Добавить в цитаты Настройки чтения

Страница 34 из 114

Улочка, если въезжать в нее со стороны поселка, заметно поднималась вверх и, наконец, за внушительным, аристократического вида владением Залесских вливалась в живописную рощу. Предлесье начиналось молодым ельничком и переходило в ослепительную белоствольную рощу берез, которая затем растворялась в смешанной лиственной чаще. А дом Говоровых стоял в стихийно образовавшемся центре улицы, к тому же накрепко захваченном самым молодым поколением дачного общества. Так сложилось, что этот отрезок улицы вблизи перекрестка с дорогой, ведущей на пригородную железнодорожную платформу, и колодца, наиболее из всех других посещаемого ввиду лучшей в округе воды, уже благодаря этому был всегда люден. Но главное, что оживляло улицу и не всегда нравилось Говорову, по роду своего занятия нуждающемуся в тишине, это скопление на этом участке дач, населенных мальчишками и девчонками, к которым непременно нужно прибавить еще и Шерри…

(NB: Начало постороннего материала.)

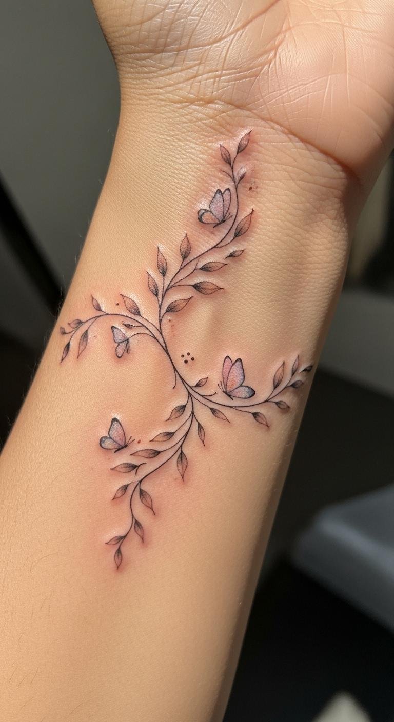 The intertwining vines symbolize growth and resilience, the butterflies represent transformation and fleeting beauty; together they evoke a gentle, hopeful emotion suited to personal renewal.

Шерри — так звали молоденького, прелестного шоколадного цвета спаниеля женского рода, закормленного хозяевами и доведенного до последней степени отупения двумя хозяйскими мальчиками вкупе с оравой близживущих ребятишек, охваченных всеобщей страстью «обучения» несчастного пса. То и дело доносились с улицы строгие и между тем совершенно безрезультатные мальчишечьи, а бывало, и девчоночьи команды: «Шерри, вперед!», «Шерри, назад!», «Шерри, лечь… встать… подать… принести…» Во дворе, где обитала бедная Шерри, довольно населенном, каком-то автомобильно- и магнитофонношумном, главенствовала — по крайней мере, так казалось со стороны, женская часть, и в устах женщин команды, подаваемые собаке, с непредсказуемым ухищрением интерпретировались: «Шерри, кому сказано, чтобы не ходить на улицу!», «Шерри, ешь ради бога или уходи с глаз долой!», «Шерри, ты сейчас получишь ремня!» Если бы Шерри была Фигаро, она, возможно, исхитрилась бы быть и тут и там, служить всем, кто взял себе право властвовать над нею. Но ей суждено было родиться собакой, да еще с «родословной», что налагало на нее бремя непременной «учебы», формы которой она, к сожалению, не могла выбирать сама.

Говорову, немало в свое время побродившему с ружьем в сибирских болотах, сжимало сердце от команд, которые заставляли выполнять  о х о т н и ч ь ю  собаку, чьи гены туманили ей рассудок смутным видением водоплавающей птицы, по которой так хорошо «идет» спаниель. И может быть, существовала какая-то тайная связь, когда Шерри, ускользнув из-под бдительного ока хозяев, неслышной тенью появлялась в его дворе и, извинительно виляя всем своим телом, метя хвостом по траве, подползала к Говорову, клала ему в ноги доверчивую морду, поднимая невыразимо печальные глаза — их хотелось вытереть не помещающимися в ладонях шелковистыми ушами самой же Шерри.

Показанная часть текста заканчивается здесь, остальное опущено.